Records from a data source
+++++

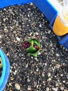 2年生のヒヤシンス、教室の花に負けず、子どもたちの鉢植えも開花を待ち望んでいるように育っています。
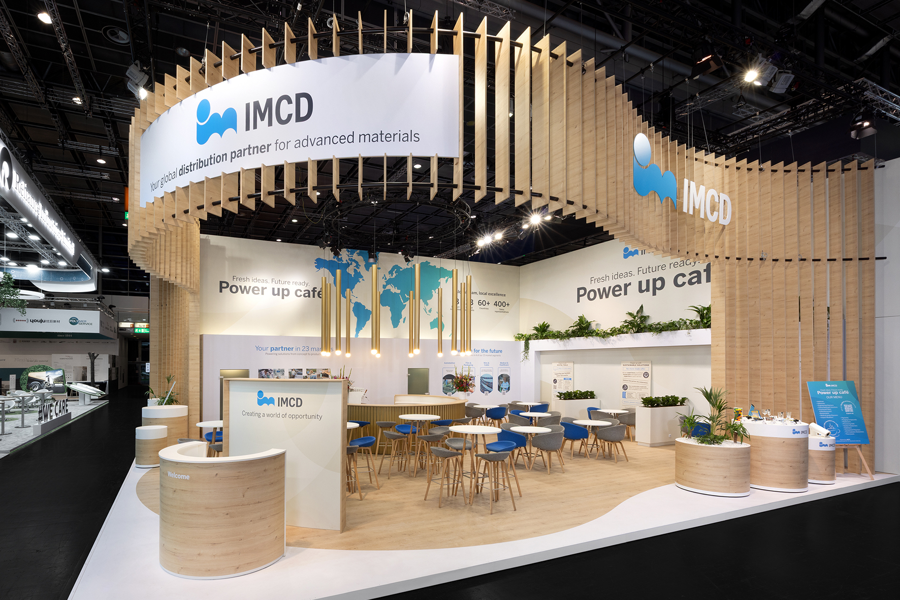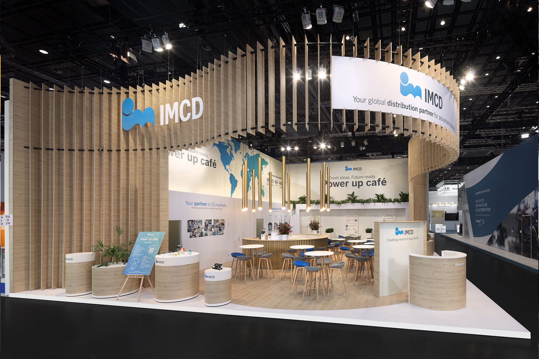 Through a carefully thought-out design, high-quality finishes, and sustainable materials, the IMCD concept was brought to life. The Power Up Café, created for IMCD, offers an inviting and welcoming environment where customers can feel at home, engage with the brand, and experience IMCD’s commitment to quality and sustainability firsthand.
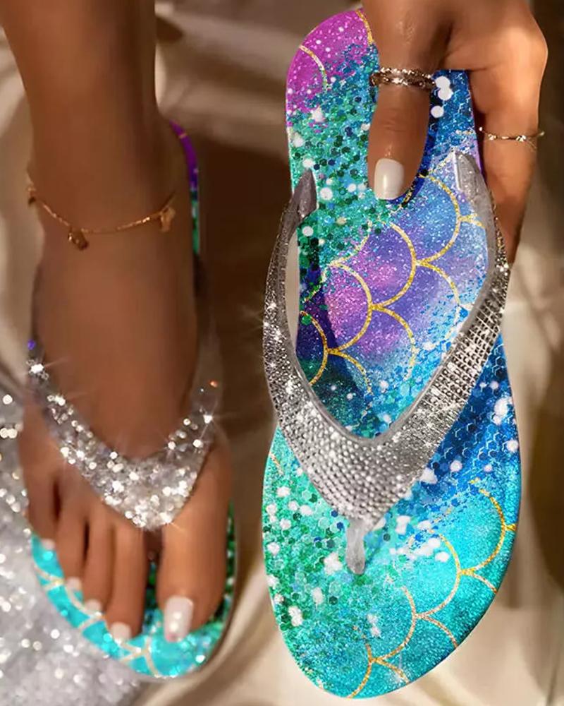 Scale Print Beach Flip Flops, Multicolor
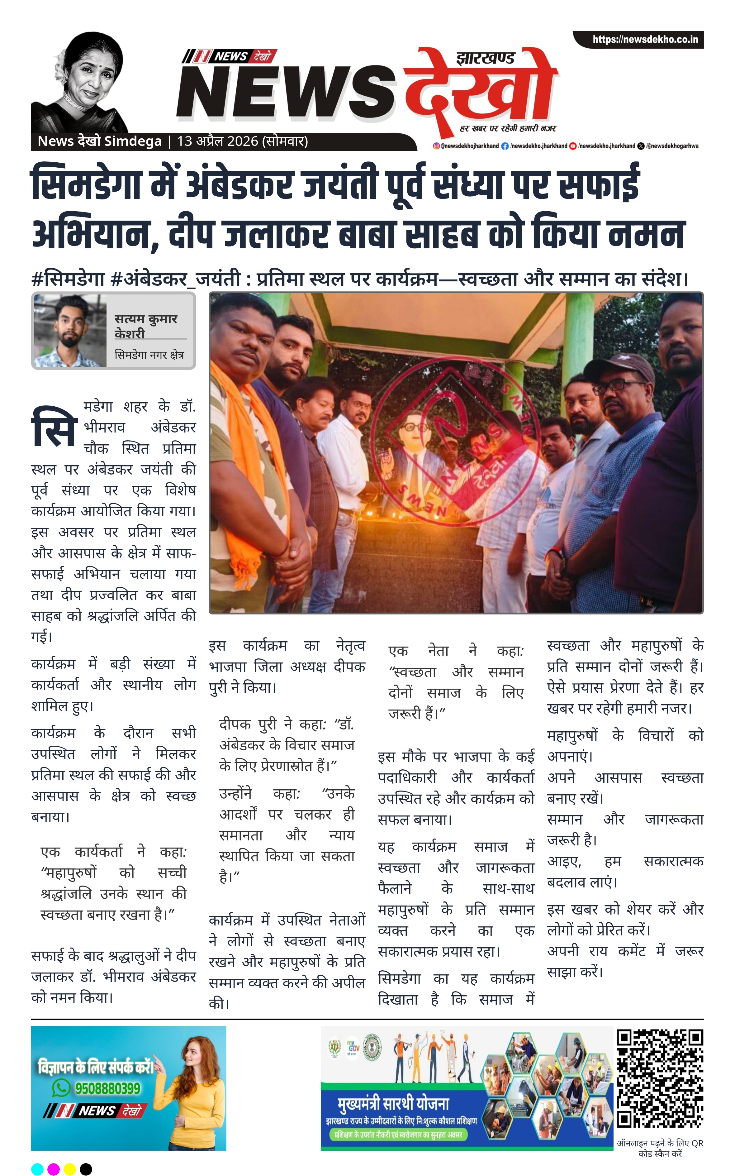#सिमडेगा #अंबेडकर_जयंती : प्रतिमा स्थल पर कार्यक्रम—स्वच्छता और सम्मान का संदेश।
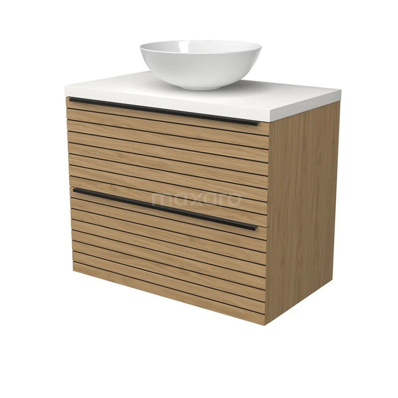 Modulo Plato Badmöbel mit Aufsatzwaschbecken | 80 cm Natürliches Furnier Streifen front Matt Weiß blatt 2 übereinanderliegende Schubladen BMK17-03158
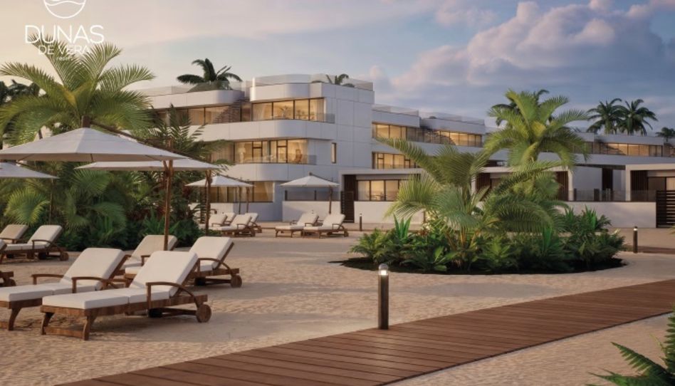 “Dunas de Vera” es una promoción de nueva construcción de apartamentos turísticos. Se construirán unas 200 unidades con las siguientes tipologías: Apartamentos de 1 Dormitorio, Apartamentos de 2 Dormitorios y Villas de 2 Dormitorios con jardín y piscina independientes.
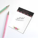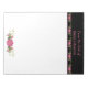 Bonito bloco de anotações feito em branco, com um cabeçalho preto que tem uma borda de flores rosa e uma flor rosa, decorando o fundo, do bloco. Personalize o texto cor-de-rosa no topo da plataforma, para você mesmo ou como uma boa ideia de presente para ela.
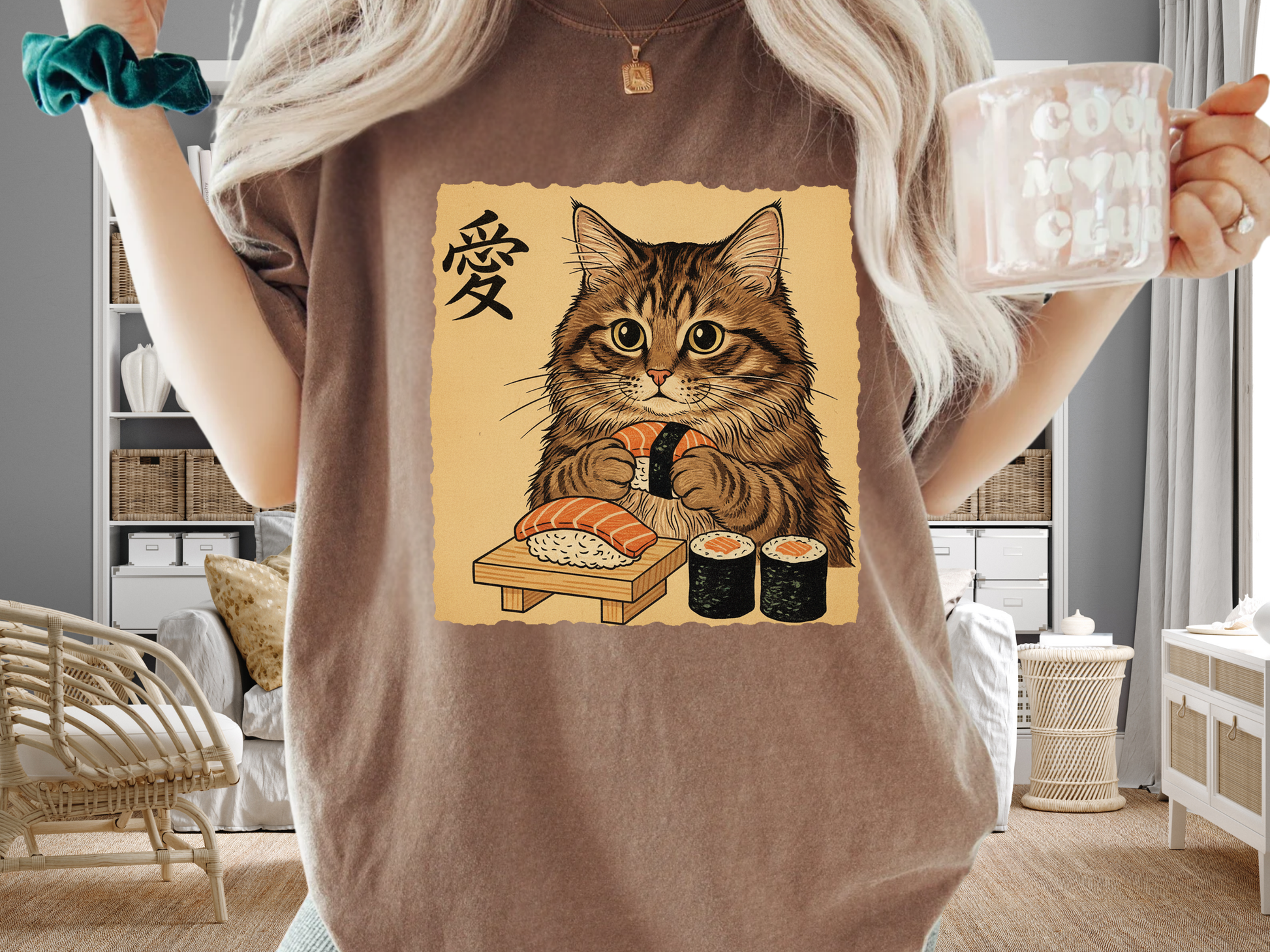 The Vibe is sophisticated yet playful. It is a must-have for anime fans, sushi lovers, and anyone who appreciates Asian art aesthetics. The warm beige and orange tones of the graphic stand out beautifully against the vintage dark grey fabric, creating a look that is both artistic and trendy. It is an excellent conversation starter for your next sushi dinner date.
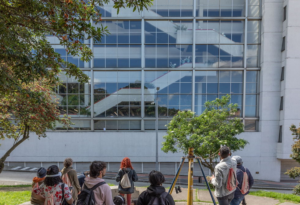 “Intervenir los espacios del centro de la ciudad y llevar arte fuera de los teatros convencionales es el objetivo de esta muestra artística que nombramos Espectros, la cual le permite a las personas entender otras realidades mientras redescubren los entornos en los que se mueven”, señala Valentina Monsalve estudiante de artes escénicas en la Universidad Javeriana, quien partició en la intervención artística que se realizó en el edificio de posgrados de Utadeo, y que se visualizó desde el parque de la carrera 3 con calle 23.
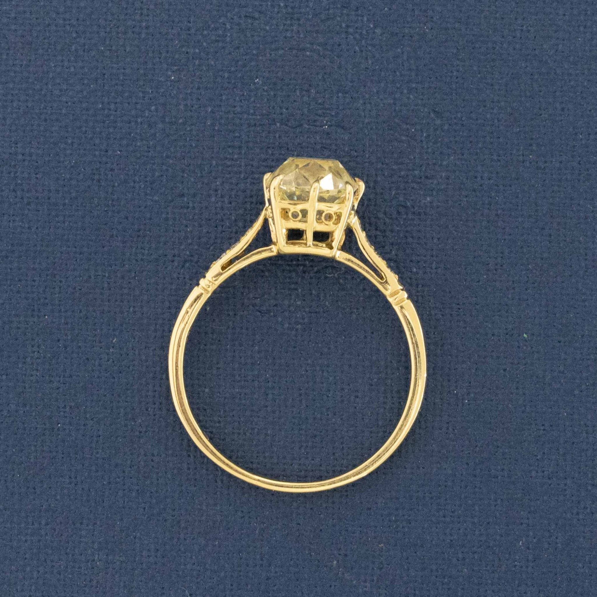 A super chonky and rustic old mine cut diamond - an early cut OMC with so much pesonality! She faces up a deep yellow in some lighting conditions and a warm vanilla in others. We love the personality changes! Set in a vintage yellow gold setting (the stone is much older than its current setting) that is both simple yet beautiful - allowing the stone to shine in all its old cut glory!
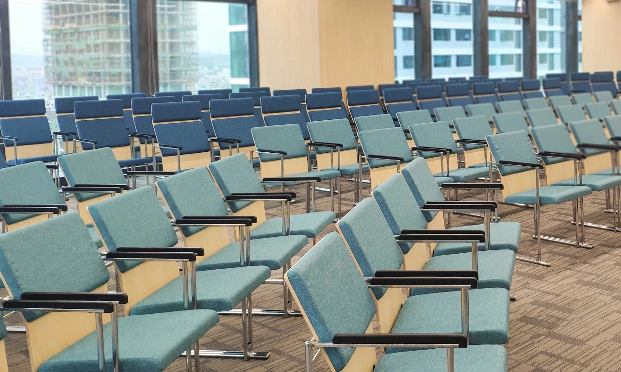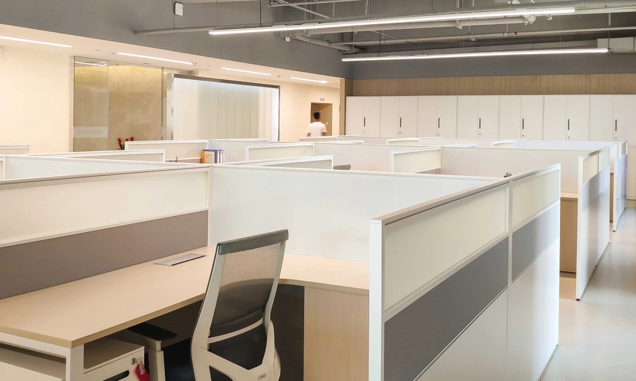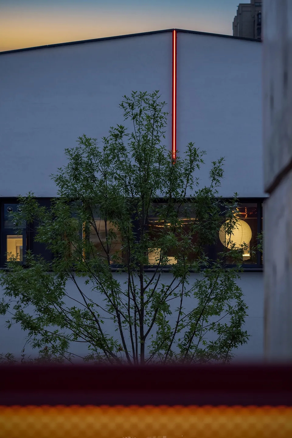 开放办公区的光照采用线性光源与落地窗的通透感相辅相成。这一设计有效避免了原本只有3.4米的层高带来的空间的压抑感,并保留了大空间延伸出的视野开阔性。沿着空间轮廓及内部流线,我们将绿植渗透至每个角落,绿景弥散平衡了其中的硬朗感,增添空间情韵同时营造出深入“室内园林”的景观效果。办公的核心设计,是要进行恰到好处的“留白”。在为数不多的色彩与装潢中,在打破局限、创建趣味与高效的同时,予人以“放空”。即使身处钢筋水泥的城堡,也可回归“灵性与人性”的和谐。
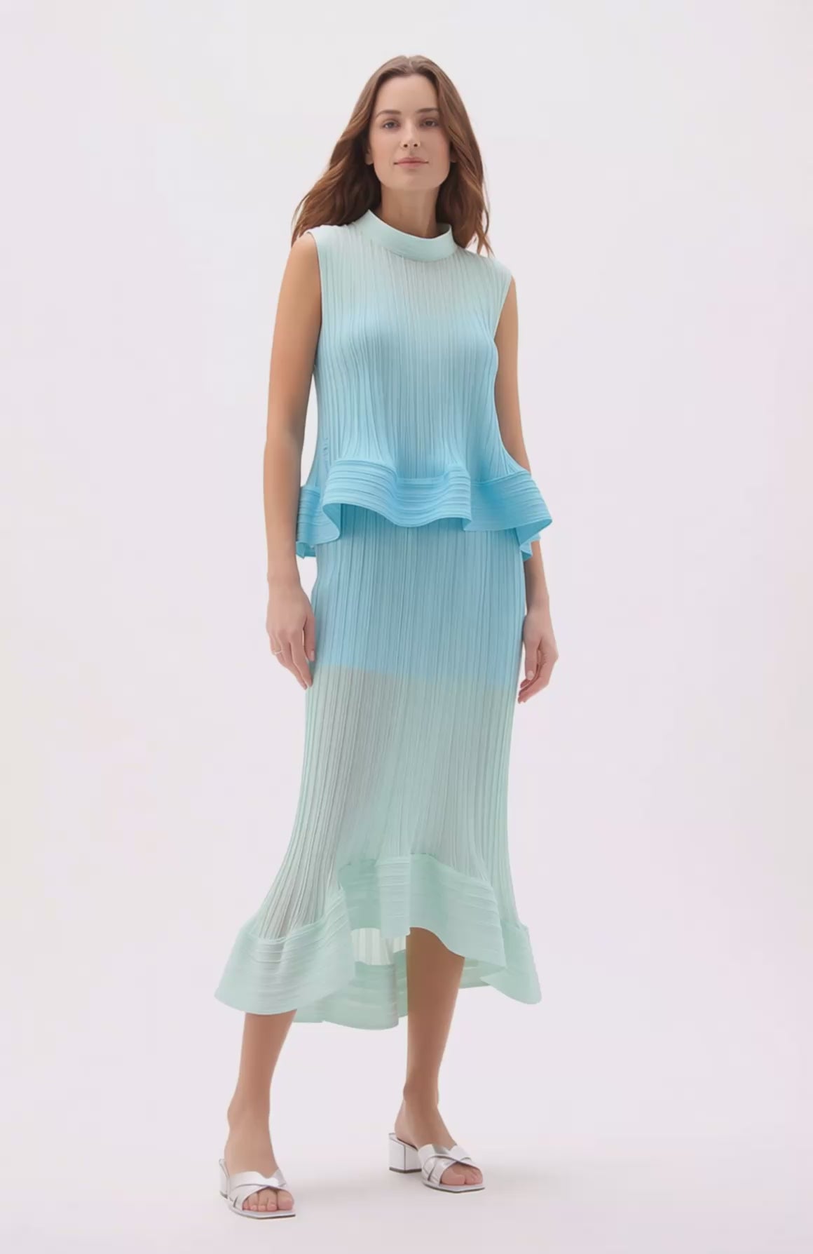 A fresh and feminine two-piece set, this pleated ombre design features Ellyndale’s signature pleating combined with soft gradient color transitions for a light and airy look. The sleeveless peplum top pairs effortlessly with the flowing pleated skirt, creating a coordinated silhouette that is both elegant and refined.

+++++

TASK: Exercise for the records above: copy only the lines from the one with "y piscina independientes." to the one with "A super chonky", both ends kept, and drop the pictures.

SOLUTION TO THE EXERCISE:
 “Dunas de Vera” es una promoción de nueva construcción de apartamentos turísticos. Se construirán unas 200 unidades con las siguientes tipologías: Apartamentos de 1 Dormitorio, Apartamentos de 2 Dormitorios y Villas de 2 Dormitorios con jardín y piscina independientes.
 Bonito bloco de anotações feito em branco, com um cabeçalho preto que tem uma borda de flores rosa e uma flor rosa, decorando o fundo, do bloco. Personalize o texto cor-de-rosa no topo da plataforma, para você mesmo ou como uma boa ideia de presente para ela.
 The Vibe is sophisticated yet playful. It is a must-have for anime fans, sushi lovers, and anyone who appreciates Asian art aesthetics. The warm beige and orange tones of the graphic stand out beautifully against the vintage dark grey fabric, creating a look that is both artistic and trendy. It is an excellent conversation starter for your next sushi dinner date.
 “Intervenir los espacios del centro de la ciudad y llevar arte fuera de los teatros convencionales es el objetivo de esta muestra artística que nombramos Espectros, la cual le permite a las personas entender otras realidades mientras redescubren los entornos en los que se mueven”, señala Valentina Monsalve estudiante de artes escénicas en la Universidad Javeriana, quien partició en la intervención artística que se realizó en el edificio de posgrados de Utadeo, y que se visualizó desde el parque de la carrera 3 con calle 23.
 A super chonky and rustic old mine cut diamond - an early cut OMC with so much pesonality! She faces up a deep yellow in some lighting conditions and a warm vanilla in others. We love the personality changes! Set in a vintage yellow gold setting (the stone is much older than its current setting) that is both simple yet beautiful - allowing the stone to shine in all its old cut glory!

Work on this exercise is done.